EVERETT, Wash. — Over the past few months, Nathan Roberts has witnessed dozens of substitute teachers stumble through their first days at Penny Creek Elementary School.
He’s watched them circle the parking lot outside, wondering whether to leave their car in a visitor or employee spot. He’s encountered subs in the hallway, looking for the library or a place to make copies of classwork. And he’s noticed when they struggle to remember a kid’s name while taking attendance or praising students for good work.
Roberts is a substitute, too, but by now he knows his way around campus. Unlike the other subs — many of them parent volunteers or people looking for a little extra work — he’s a full-time, salaried employee with health benefits and a long-term contract with Everett Public Schools, north of Seattle. In January, the school district hired Roberts and about two dozen other “floaters” as part of a broader effort to improve the quality of substitute teaching and alleviate a staffing crunch that grew dire during this winter’s Covid-19 surge.

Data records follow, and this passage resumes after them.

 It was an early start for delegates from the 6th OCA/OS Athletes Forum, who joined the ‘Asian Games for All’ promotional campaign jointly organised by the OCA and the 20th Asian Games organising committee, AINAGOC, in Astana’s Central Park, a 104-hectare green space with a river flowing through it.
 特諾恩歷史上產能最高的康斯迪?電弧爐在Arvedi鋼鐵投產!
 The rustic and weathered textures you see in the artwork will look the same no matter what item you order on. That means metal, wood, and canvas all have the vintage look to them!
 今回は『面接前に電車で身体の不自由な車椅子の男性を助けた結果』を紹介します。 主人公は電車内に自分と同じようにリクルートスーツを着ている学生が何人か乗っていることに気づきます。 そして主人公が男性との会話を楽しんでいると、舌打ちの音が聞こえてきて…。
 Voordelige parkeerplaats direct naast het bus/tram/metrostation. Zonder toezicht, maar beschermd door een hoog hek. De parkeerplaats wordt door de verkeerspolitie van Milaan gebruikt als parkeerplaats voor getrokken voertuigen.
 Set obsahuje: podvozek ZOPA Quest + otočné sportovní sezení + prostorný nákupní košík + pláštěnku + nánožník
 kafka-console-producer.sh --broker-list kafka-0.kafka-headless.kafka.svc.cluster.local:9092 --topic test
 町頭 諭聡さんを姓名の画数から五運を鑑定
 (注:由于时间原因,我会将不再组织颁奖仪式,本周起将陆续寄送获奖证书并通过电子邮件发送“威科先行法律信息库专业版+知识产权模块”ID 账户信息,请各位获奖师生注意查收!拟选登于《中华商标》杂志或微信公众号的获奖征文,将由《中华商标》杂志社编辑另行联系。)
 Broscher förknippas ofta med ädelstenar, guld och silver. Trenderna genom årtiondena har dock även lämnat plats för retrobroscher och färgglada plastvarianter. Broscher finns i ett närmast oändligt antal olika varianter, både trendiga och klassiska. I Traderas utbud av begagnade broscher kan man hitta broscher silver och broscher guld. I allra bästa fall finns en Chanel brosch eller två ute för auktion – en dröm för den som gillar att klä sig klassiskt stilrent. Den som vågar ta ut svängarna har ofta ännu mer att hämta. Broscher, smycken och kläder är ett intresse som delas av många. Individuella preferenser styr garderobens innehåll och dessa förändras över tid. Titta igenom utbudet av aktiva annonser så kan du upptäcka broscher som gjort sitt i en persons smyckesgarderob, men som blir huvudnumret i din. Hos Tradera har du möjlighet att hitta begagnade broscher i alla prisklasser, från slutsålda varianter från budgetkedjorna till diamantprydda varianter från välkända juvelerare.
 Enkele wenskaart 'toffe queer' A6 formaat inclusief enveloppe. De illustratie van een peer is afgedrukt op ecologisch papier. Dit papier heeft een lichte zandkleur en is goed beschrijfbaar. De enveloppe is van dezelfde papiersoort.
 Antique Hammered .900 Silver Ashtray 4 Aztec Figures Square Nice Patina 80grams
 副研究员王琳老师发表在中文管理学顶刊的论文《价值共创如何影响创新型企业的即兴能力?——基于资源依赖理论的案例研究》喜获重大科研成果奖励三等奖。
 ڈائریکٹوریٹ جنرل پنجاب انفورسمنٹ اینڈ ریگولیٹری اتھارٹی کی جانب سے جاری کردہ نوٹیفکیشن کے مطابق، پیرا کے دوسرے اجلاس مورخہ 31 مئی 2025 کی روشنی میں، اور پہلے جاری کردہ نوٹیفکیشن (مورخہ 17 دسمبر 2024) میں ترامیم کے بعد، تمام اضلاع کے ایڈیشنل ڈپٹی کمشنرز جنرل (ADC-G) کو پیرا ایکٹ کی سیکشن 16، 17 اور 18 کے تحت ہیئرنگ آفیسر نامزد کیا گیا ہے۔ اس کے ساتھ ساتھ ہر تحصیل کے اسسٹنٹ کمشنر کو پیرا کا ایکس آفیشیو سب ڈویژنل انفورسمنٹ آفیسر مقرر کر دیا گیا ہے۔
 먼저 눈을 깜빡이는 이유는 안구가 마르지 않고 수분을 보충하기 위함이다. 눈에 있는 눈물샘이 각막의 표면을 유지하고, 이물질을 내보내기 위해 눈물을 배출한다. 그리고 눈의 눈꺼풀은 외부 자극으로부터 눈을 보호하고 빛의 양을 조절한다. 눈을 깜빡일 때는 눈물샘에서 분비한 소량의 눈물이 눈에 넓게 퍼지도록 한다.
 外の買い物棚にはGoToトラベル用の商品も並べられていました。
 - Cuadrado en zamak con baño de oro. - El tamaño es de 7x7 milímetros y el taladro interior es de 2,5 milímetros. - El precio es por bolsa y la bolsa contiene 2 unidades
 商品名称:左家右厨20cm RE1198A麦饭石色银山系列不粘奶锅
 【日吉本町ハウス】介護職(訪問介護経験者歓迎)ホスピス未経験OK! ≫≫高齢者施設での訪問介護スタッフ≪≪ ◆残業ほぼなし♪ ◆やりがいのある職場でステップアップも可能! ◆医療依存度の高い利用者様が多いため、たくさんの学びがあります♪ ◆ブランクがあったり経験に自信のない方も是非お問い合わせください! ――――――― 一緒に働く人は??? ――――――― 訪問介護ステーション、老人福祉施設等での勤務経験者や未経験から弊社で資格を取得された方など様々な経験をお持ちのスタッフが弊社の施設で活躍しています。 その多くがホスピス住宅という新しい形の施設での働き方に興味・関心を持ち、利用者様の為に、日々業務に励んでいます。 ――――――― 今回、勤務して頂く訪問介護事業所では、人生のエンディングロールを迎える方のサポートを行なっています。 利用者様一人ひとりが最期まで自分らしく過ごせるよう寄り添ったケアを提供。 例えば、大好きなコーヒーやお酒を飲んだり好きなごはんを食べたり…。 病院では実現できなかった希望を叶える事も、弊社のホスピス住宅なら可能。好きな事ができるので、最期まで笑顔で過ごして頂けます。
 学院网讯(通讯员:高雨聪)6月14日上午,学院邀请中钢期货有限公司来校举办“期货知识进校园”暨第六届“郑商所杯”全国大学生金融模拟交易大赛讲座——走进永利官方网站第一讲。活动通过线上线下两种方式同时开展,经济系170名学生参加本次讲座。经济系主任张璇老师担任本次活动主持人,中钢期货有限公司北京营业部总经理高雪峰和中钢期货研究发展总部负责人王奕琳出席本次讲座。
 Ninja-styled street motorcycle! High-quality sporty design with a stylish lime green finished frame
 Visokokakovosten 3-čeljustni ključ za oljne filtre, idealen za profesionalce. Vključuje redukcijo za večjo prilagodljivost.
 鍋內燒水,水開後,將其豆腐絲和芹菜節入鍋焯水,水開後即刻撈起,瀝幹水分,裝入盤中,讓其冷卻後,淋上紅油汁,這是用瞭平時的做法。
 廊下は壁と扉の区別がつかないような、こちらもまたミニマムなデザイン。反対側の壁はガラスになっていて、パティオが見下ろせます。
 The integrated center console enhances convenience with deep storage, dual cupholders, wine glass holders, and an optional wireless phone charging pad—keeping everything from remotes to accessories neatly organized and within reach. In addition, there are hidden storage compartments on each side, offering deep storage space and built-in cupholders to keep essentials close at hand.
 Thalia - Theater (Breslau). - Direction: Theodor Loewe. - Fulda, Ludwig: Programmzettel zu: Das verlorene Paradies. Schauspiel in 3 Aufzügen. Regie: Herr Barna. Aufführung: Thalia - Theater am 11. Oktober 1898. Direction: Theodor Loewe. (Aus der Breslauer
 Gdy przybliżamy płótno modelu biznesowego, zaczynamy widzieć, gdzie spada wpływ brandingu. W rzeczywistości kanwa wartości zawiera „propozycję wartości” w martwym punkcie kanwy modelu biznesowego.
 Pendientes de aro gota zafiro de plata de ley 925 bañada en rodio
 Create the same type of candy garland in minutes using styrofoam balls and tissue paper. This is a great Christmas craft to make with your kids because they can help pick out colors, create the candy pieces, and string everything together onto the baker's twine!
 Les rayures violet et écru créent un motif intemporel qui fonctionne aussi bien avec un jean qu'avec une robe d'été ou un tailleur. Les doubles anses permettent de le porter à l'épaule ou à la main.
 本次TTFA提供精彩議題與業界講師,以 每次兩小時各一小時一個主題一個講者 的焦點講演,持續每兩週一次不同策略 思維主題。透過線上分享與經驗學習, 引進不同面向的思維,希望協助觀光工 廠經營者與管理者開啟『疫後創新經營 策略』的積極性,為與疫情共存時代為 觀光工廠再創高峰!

“Instead of trying to find a sub every single morning, or bringing in administration, I can step in for the entire week and give those kids some consistency,” Roberts said. “It’s so much better when I actually know the kid’s name and a little bit about their learning style or how to help when they’re struggling.”
Roberts represents one example of how the recent coronavirus wave prompted school districts to reconsider their relationship with — and reliance on — substitute teachers. Much like bus drivers and custodians, substitutes have long been among the lowest-paid workers in education but remain critical to keeping schools open day to day. And they have a significant impact on student learning: Studies have linked teacher absences and uncertified, less trained subs to declines in student achievement.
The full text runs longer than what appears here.